L’ours, las, grognait : « Qu’est l’adresse sans la force !

- Qu’est la force sans l’adresse ! Répliquait
Le lièvre affamé en bombant le torse.
C’est promis juré, l’Ami ! Tout efflanqué
Que tu me vois, je ne fuirai la lice
Ni le chasseur qui en veulent à ma pelisse.
Moi, j’en ai assez de me carapater,
De rester famélique ou d’avoir piteuse
Pitance à cause d’une mange-pâtées
Qui n’a, sur moi, cette vile rabatteuse,
Que le pouvoir que je lui laisse. Bah !…
Je résisterai après grand branle-bas !
Marre de payer mon loyer à la peur,
De n’avoir que des trouilles pour patrimoine.
Ce cabot est plus fort mais n’est que jappeur,
Je suis aussi malin qu’un de leurs moines
Et saurai déjouer courre et traquenards
Mieux qu’ours massif… ou que Maitre renard ! »
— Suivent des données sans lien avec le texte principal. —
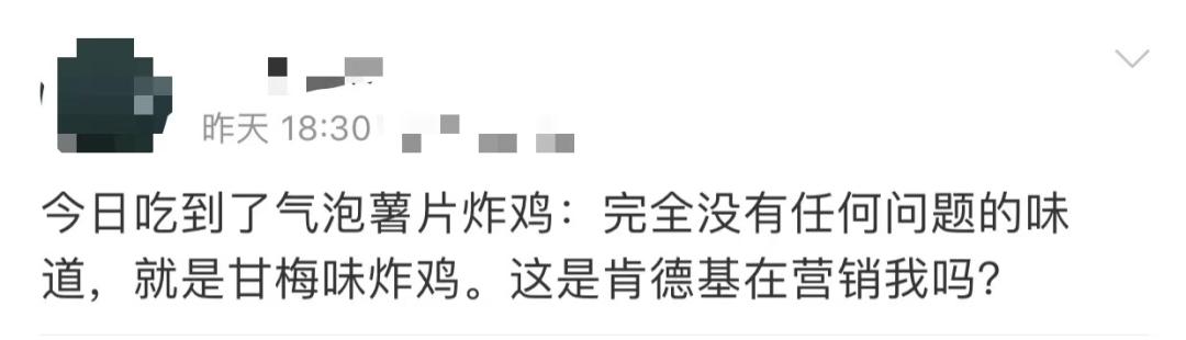 本周经历2020年最大遗憾。我刚想下单肯德基最新黑暗料理“气泡薯片炸鸡”,就得知它前一天下架的噩耗。
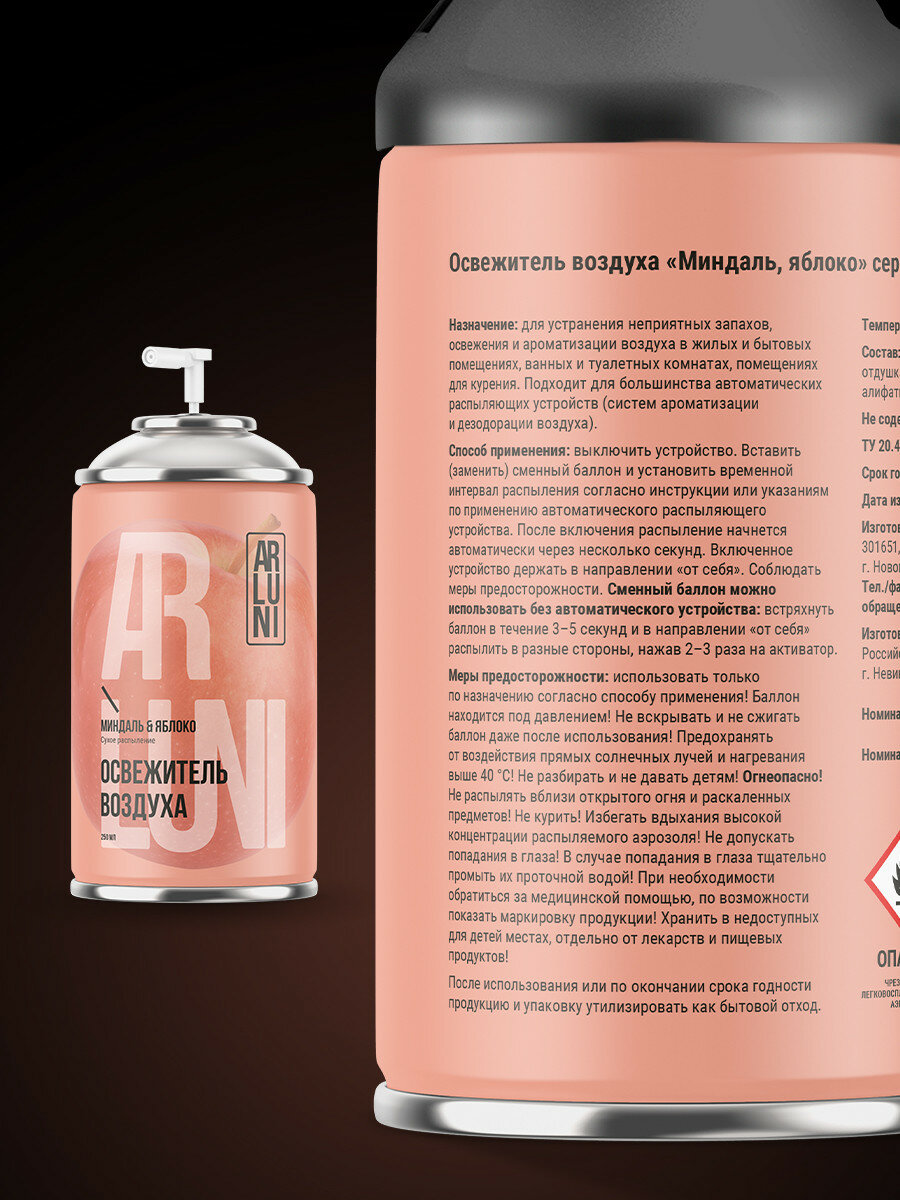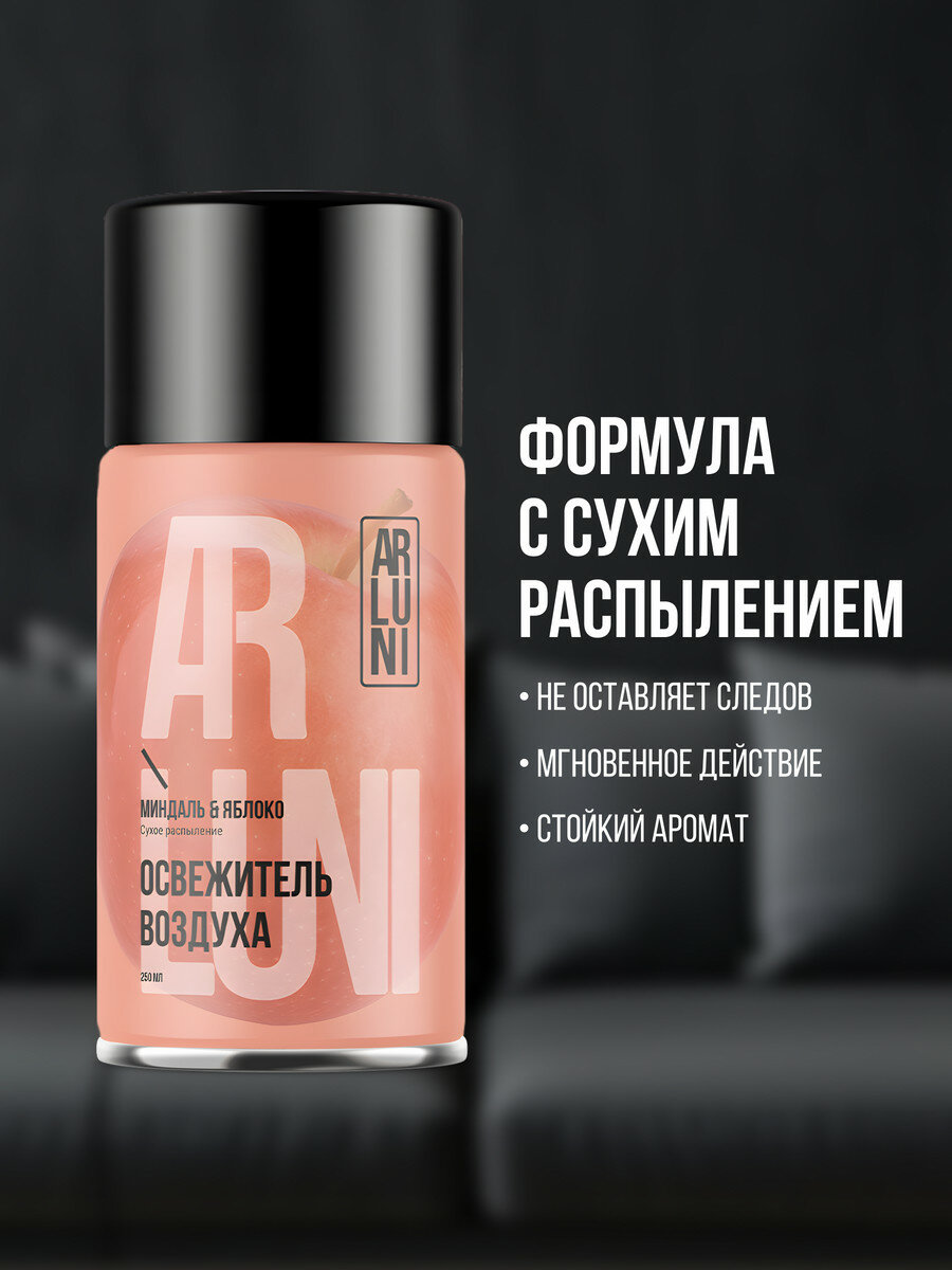 Освежитель Arluni сочетает экологичность и эффективность. Формула содержит натуральный спирт, который полностью испаряется за 2 минуты после распыления. Тестирование в лаборатории SAFE HOME подтвердило:
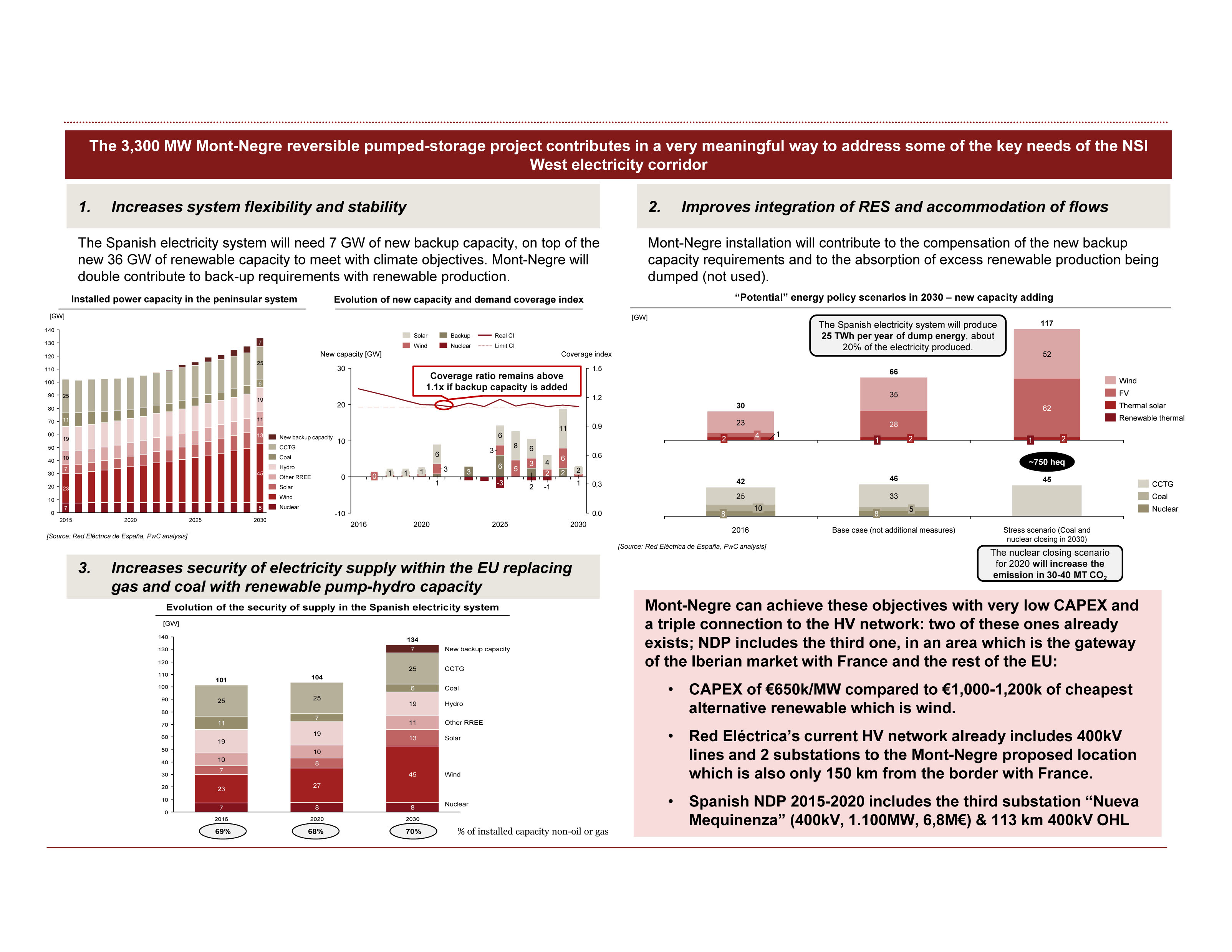 As explained in section III – “RATIONALE», the 3,300 MW ‘MONT-NEGRE’ REVERSIBLE PUMPED STORAGE HYDROELECTRIC PLANT ON THE SEGRE RIVER (TOWNSHIP OF MEQUINENZA-ZARAGOZA), as a pure pumped storage plant, is the only proven technology that is able to guarantee security of supply and system sustainability. In addition, the storage capability of the plant, also contributes to provide a quasi-immediate response to electricity demand fluctuation thus increasing the technical resilience of the grid and the electric system in which the plant operates.

L’ours, peu timoré, glisse lors : « C’est à voir ! »
Et, truffe au vent, le sentant tourner sans doute,
Quitte l’étique hâbleur sans au-revoir.
Soudain des abois viennent de la route
Et notre courageux bouquin, pour le coup,
De prendre aussitôt ses pattes à son cou…

Il en va ainsi souvent parmi les Hommes
Qui, sur leurs vertus, leur âme, font des sommes :
Plus d’un fanfaron, en un mot comme en cent,
Se fait vil lièvre au péril commençant.